[英]How to get frequency counts on two variables in R?
I looking for a way to get a frequency count out of an R data frame based on two values. 我正在寻找一种基于两个值从R数据帧中获取频率计数的方法。 I've tried a few different syntaxes and I'm fairly new at R.
我尝试了几种不同的语法,而我在R上还是一个新手。
> table(frequency.data.frame$value,frequency.data.frame$value_x)[!is.na(frequency.data.frame$id),]
Error in `[.default`(table(frequency.data.frame$value, frequency.data.frame$value_x), :
(subscript) logical subscript too long
> table(frequency.data.frame$value,frequency.data.frame$value_x[!is.na(frequency.data.frame$id),])

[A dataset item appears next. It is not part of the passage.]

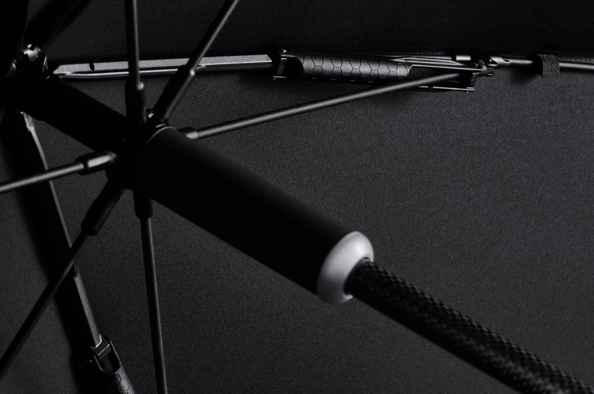 The BLUNT Umbrella frame features a unique strut mechanism that stresses the ribs, creating an effortless outward tension in the canopy as the umbrella is opened.

Error in frequency.data.frame$value_x[!is.na(frequency.data.frame$id), :
incorrect number of dimensions
Given 给定
First dimension. 第一维。
as.data.frame(table(frequency.data.frame[!is.na(frequency.data.frame$id),]$value))
Var1 Freq
1 2 2
2 3 2
3 4 5
4 5 21
5 6 8
6 7 19
7 8 52
8 9 33
9 10 56
10 11 1
11 12 1
second dimension. 二维。
as.data.frame(table(frequency.data.frame[!is.na(frequency.data.frame$id),]$value_x))
Var1 Freq
1 1 50
2 2 17
3 3 12
4 4 7
5 6 18
6 8 6
7 9 1
8 10 19
9 14 1
10 15 1
11 16 11
12 17 2
13 18 2
14 96 3
15 97 4
16 98 46
Data frame sample data extract... 数据框样本数据提取...
> frequency.data.frame
id name factor value value_x
1 <NA> OSuppl=1 - Ardex | Imp_1=1 - 1 1 1
2 <NA> OSuppl=1 - Ardex | Imp_1=2 - 2 2 1
3 e7f0940c64001d4ab9d43ebd1e361292 OSuppl=1 - Ardex | Imp_1=3 - 3 3 1
4 <NA> OSuppl=1 - Ardex | Imp_1=4 - 4 4 1
5 2de771a03f49ce72eb721159933d4827 OSuppl=1 - Ardex | Imp_1=5 - 5 5 1
6 307ad612c3cc9fe5741c1fe75d1bc217 OSuppl=1 - Ardex | Imp_1=5 - 5 5 1
7 522f594612678f13f9dd5ee8f4f24df7 OSuppl=1 - Ardex | Imp_1=5 - 5 5 1
8 c1c32ac37f572fb259fe4e454bbdf743 OSuppl=1 - Ardex | Imp_1=5 - 5 5 1
9 d5b784d8f9508da7ac9573b535fe7147 OSuppl=1 - Ardex | Imp_1=5 - 5 5 1
10 e07439cdc15377d209413b31d9f80056 OSuppl=1 - Ardex | Imp_1=6 - 6 6 1
11 878a67dbbb428c65c83602fc112a24a0 OSuppl=1 - Ardex | Imp_1=6 - 6 6 1
12 5f7c27fb104685c26e53fc3267024539 OSuppl=1 - Ardex | Imp_1=7 - 7 7 1
13 6b12a3591d89f7b70587406a0c4f92bb OSuppl=1 - Ardex | Imp_1=7 - 7 7 1
14 7fb2f98867e0e100187f0b4f13baac46 OSuppl=1 - Ardex | Imp_1=7 - 7 7 1
15 99a0ffaa2066e5c4806f2e30a446a31f OSuppl=1 - Ardex | Imp_1=7 - 7 7 1
16 9d214544e8eaf3ea9c416a3dfbddb9f6 OSuppl=1 - Ardex | Imp_1=7 - 7 7 1
17 b36f990b1e0d8c5f04a47d23b70c1022 OSuppl=1 - Ardex | Imp_1=7 - 7 7 1
18 f2f9395bd9ddc16acd2253bd114aca64 OSuppl=1 - Ardex | Imp_1=7 - 7 7 1
19 4420e8499ab32631b389111935314468 OSuppl=1 - Ardex | Imp_1=8 - 8 8 1
...
Desired result extract example 所需结果提取示例
Var2 Var1 Freq
...
6 5 1 5
7 6 1 2
8 7 1 7
9 8 1 1
...
What sort of syntax would I need to get the example desired output? 我需要哪种语法来获得示例所需的输出?
library(plyr)
counts <- ddply(frequency.data.frame, .(frequency.data.frame$value_x, frequency.data.frame$value), nrow)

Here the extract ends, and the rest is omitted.